Ну вот, – проглотил Виктор тягучую слюну, – в родимой хате завалился я дрыхнуть: в пять же у нас с Бурдиным рейс в Среднегорск. Валяюсь я, значит, просроченной колбасой, порчу воздух, а сон нейдёт – дюже меня этот буржуй раздраконил. Да и перед тобой срамно: лепшего кореша не поддержал. Кумекаю, что если этому понторезу внагляк начистить рыло, то посодят. И далеко посодят.
– Так-так, – начиная что-то понимать, опустил Кондрашов ноги с кровати на пол.
– Поскрёб-поскрёб я свою репу, да и дёрнул до хижины на пару с монтировочкой. Подплываю…Вокруг темнота офигенная! Но…Чу! – следопытом, идущим по тропе войны, сигнализирующе поднял руку Виктор. – «Джипик» серебристо так кучерявится. «Ах ты, моя лапушка!» – говорю я ему. Да кэ-эк дребалызну монтировочкой ему в лобешник! А стекляшечка хоть и заграничная и сталистая, да ведь ты знаешь, Кон, мой ударчик справа…Тут сирена как забазлает – я чуть под себя не сходил! Аж реноме в штанах съёжилось. Я и рюхнулся крутым намётом оттеля.

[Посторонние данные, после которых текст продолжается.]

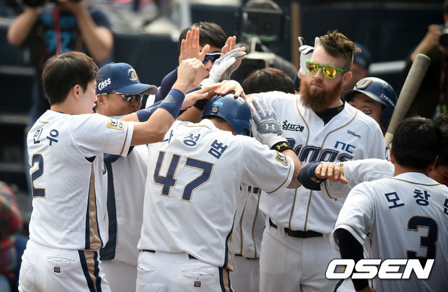 24일 오후 경상남도 창원 마산야구장에서 열릴 2015 타이어뱅크 KBO리그 포스트시즌 플레이오프 NC 다이노스와 두산 베어스의 5차전, 1회말 2사 1,2루에서 NC 이호준의 선제 적시타에 나성범이 홈을 밟고 동료선수들과 기뻐하고 있다.
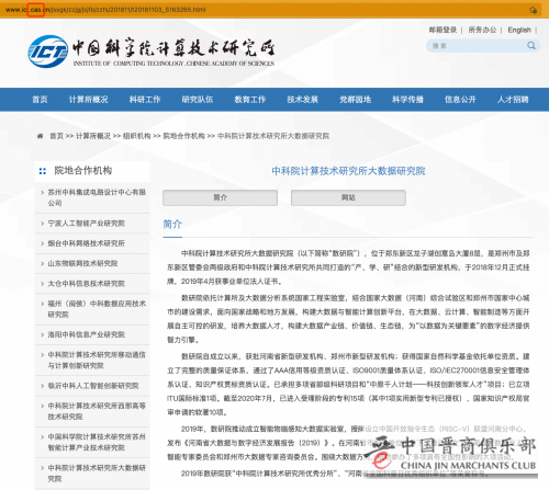 在中国科学院计算技术研究所官网中,有对“中国科学院计算技术研究所大数据研究院”的详细介绍,同时网站的域名与“中国科学院”的域名一致。
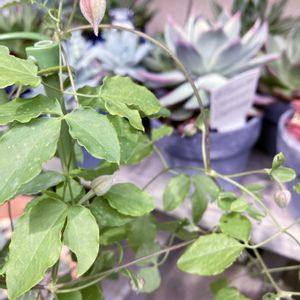 クレマチス♡ソネット 咲きました♪お花のサイズが小さくてびっくり🫢全長2cmくらい⁈でも可愛い☺️ 根元折れかけて届いた苗だったのでホント元気に咲いてくれてありがとう🩷 2025.6.6開花記録

– Витё-ё-ёк! – обессиленно простонал юноша, – так это ты…
– Да я, я…, – оскалился запухшим ртом тот с бесконечной жизнерадостностью, отчего возникало впечатление, что если бы ему судьба «накатила» втрое больше, то он вообще захлебнулся бы от удовольствия. – Монтировочку я себе во дворик забросил и поскакал в гараж…Кабадык-кабадык-кабадык…, – побарабанил он пальцами по столу, обозначая «крутой намёт». – В пять часов мы с директором уже в дороге. Ничё алиби, да?! И у тебя алиби – ты ж в полночь, как Герман из «Пиковой дамы», из избушки отчалил…

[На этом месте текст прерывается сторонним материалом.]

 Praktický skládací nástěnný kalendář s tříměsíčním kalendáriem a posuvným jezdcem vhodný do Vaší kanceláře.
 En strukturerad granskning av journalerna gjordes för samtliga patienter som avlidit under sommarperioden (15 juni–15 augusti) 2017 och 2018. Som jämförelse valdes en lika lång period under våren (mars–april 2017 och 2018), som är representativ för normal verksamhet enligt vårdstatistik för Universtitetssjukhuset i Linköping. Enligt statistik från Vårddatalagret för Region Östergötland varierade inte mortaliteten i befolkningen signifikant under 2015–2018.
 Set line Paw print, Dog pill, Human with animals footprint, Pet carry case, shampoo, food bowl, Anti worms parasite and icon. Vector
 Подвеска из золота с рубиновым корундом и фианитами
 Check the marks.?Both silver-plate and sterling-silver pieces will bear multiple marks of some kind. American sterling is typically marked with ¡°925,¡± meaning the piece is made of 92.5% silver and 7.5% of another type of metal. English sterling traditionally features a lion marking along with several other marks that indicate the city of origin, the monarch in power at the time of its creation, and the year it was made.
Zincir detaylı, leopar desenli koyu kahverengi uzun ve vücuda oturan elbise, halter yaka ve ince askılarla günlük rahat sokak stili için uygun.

– Кропот, а покороче, – нетерпеливо попросил его приятель.
– Щас-щас, – многообещающе выставил ладонь вперёд рассказчик. – Припарковались, значит, у обладминистрации. Шеф по проблемам ушёл, а я – дверки на защёлки и прикемарил. Вдруг слышу: какой-то урод-в попе ноги в окошко стучит без перерыва на обед. Культурненько так молотит, ровно дятел по башке: тук да тук, тук да тук. Ну, думаю, зар-раза! Левый глаз распатронил – мужик. Прилично одетый. И показывает, мол, побалакать треба. Я его, не опуская стекла, так обложил, что каменщики Великой китайской стены позавидуют. А он опять – тук да тук, тук да тук. Я озверел: дверку открыл, да кэ-эк пасть раззявил…А мужик – ноль эмоций, и вежливо так вызнаёт: «Простите, пожалуйста, вы не из Нижней Замараевки будете?» – «Ну». – «Бурдин Анатолий Иванович, случаем, не ваш начальник?» – «Ну». – «А вы, часом, не такой-то?» Спросонок-то я, ровно рябчик дубинноголовый обрадовался: какая я популярная личность! Ну, я в третий раз ему и «нукнул».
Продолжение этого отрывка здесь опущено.